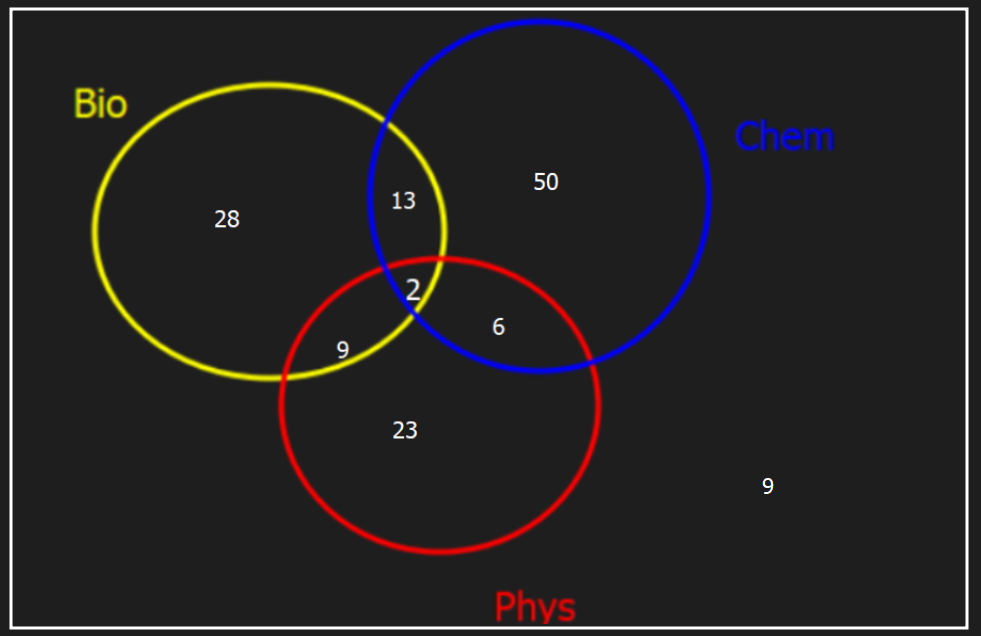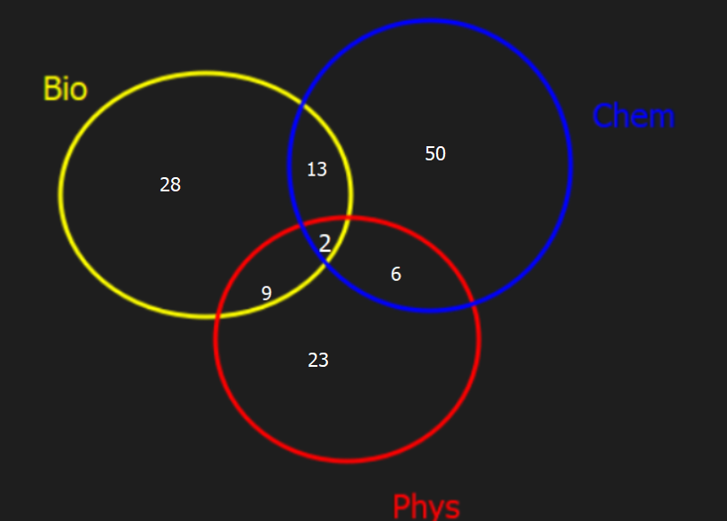 Lastly, there are 52 for bio, 52 - 9 - 13 - 2= 28. same for others too.
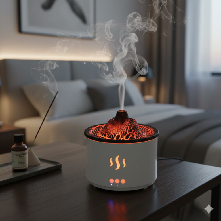 فواحة مضيئة علي شكل بركان بخزان 560 ملي لتعطير وترطيب المنزل
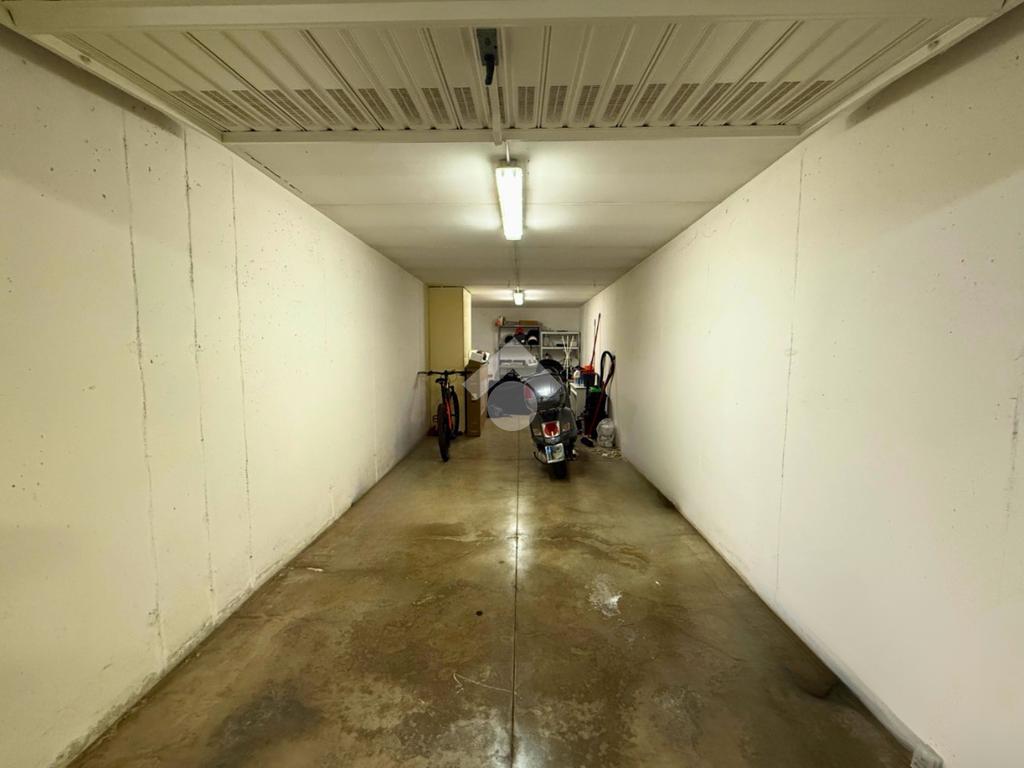 L’abitazione si apre su un accogliente ingresso che conduce al soggiorno con angolo cottura, mentre la zona notte ospita una spaziosa camera matrimoniale e un bagno finestrato con doccia. Al piano interrato è presente un comodo garage doppio di 28 mq.

[Required work]: Exactly as written, return each line above and leave the pictures behind.

[The answer]:
 Lastly, there are 52 for bio, 52 - 9 - 13 - 2= 28. same for others too.
 فواحة مضيئة علي شكل بركان بخزان 560 ملي لتعطير وترطيب المنزل
 L’abitazione si apre su un accogliente ingresso che conduce al soggiorno con angolo cottura, mentre la zona notte ospita una spaziosa camera matrimoniale e un bagno finestrato con doccia. Al piano interrato è presente un comodo garage doppio di 28 mq.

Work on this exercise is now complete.